Wczoraj spotkała mnie przykra niespodzianka - rankiem jadąc do pracy niespodziewanie mi przed światełkami zgasła była powiedzmy prawie już rozgrzana. Jechałem na gazie.
a co ciekawe musiałem kręcić ją z pięć razy chyba ale zaskoczyła w końcu
Po odpaleniu wszystko było normalnie, przełączyła się na gaz i cały dzień jeździłem bez problemu.
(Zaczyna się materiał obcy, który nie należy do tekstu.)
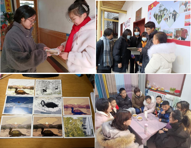 林简同学走访村里的困难学生家庭,根据同学们的实际情况讲解资助事宜,以亲身经历表明资助政策的重要性;倪悦进入困难家庭宣传走访,鼓励其树立生活的信心,以积极乐观的心态去面对生活。为了能拉近与家庭经济贫困孩子们的距离,她根据校园里的景色与地标建筑,设计了八张明信片,赠予同学们,以期帮助他们更好地认识天美传媒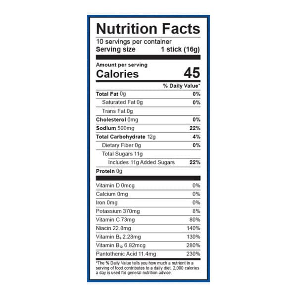 Pure Cane Sugar, Dextrose, Citric Acid, Salt, Potassium Citrate, Sodium Citrate, Dipotassium Phosphate, Tartaric Acid, Silicon Dioxide, Vitamin C (Ascorbic Acid), Rebaudioside-A (Stevia Leaf Extract), Natural Flavor, Vitamin B3 (Niacinamide), Vitamin B5 (D-Calcium Pantothenate), Vitamin B6 (Pyridoxine Hydrochloride), Vitamin B12 (Cyanocobalamin)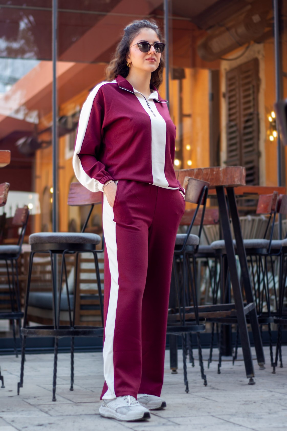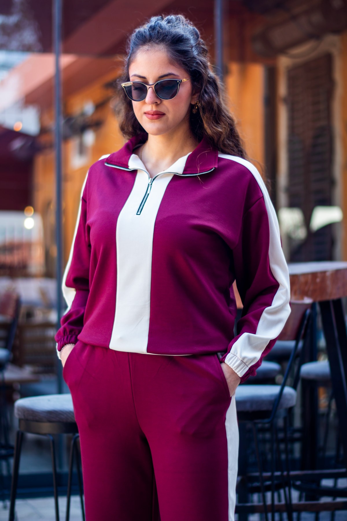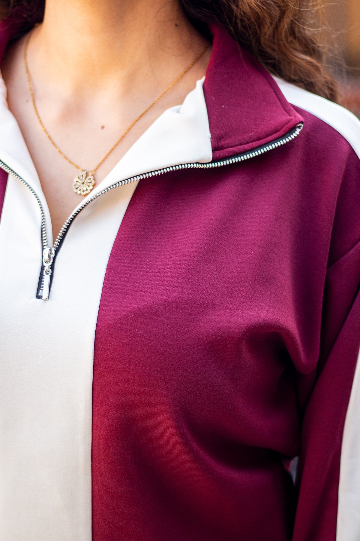 | Etiketler | Kadın Bordo Beyaz Modal Kumaş Yarım Fermuarlı Bel Büzgülü Lastikli Paça Eşofman Takımı 25KESTYOTA |

Również wieczorem po długim postoju normalnie odpaliła i nie gasła na żadnych światłach.
Pomyślałem że coś jej raz odbiło, ale dziś z rana znów to samo :>
Dosłownie na tych samych światłach zgasła i nic nie dało jej podciąganie gazem żeby nie zgasła. i znów problem z odpaleniem ale zskoczyła i znów dalsza droga bez problemu.
Martwię się co to może być, czy to wina gazu (silnik krokowy itp - nie znam się na tym) ??
Nie wiem gdzie się udać serwis normalny czy gazowy?
Może ktoś wie co to może być? Będę wdzięczny za informację.
  
 
Pojedz na benzynie i zobacz czy bedzie taki sam objaw.
  
 
no i rozumiemy ze filtry , swiece OK....?
  
 
Po kolei wg. punktów. Jak jeden nie pomoże bierz się za następny. A najlepiej zrób za jednym zamachem.

1) oczyść filtry (jak pisze Many).
2) Sprawdź świece i przewody
3) zresetuj pamięć wtrysku. Musisz wyjąć bezpiecznik (nie pamiętam nazwy ale to jest 20-ka i siedzi w dużej puszce na lewo od akumulatora)
4) jedź do gazownika i sprawdź kompa gazowego - może trzeba będzie ustawić kroki silniczka.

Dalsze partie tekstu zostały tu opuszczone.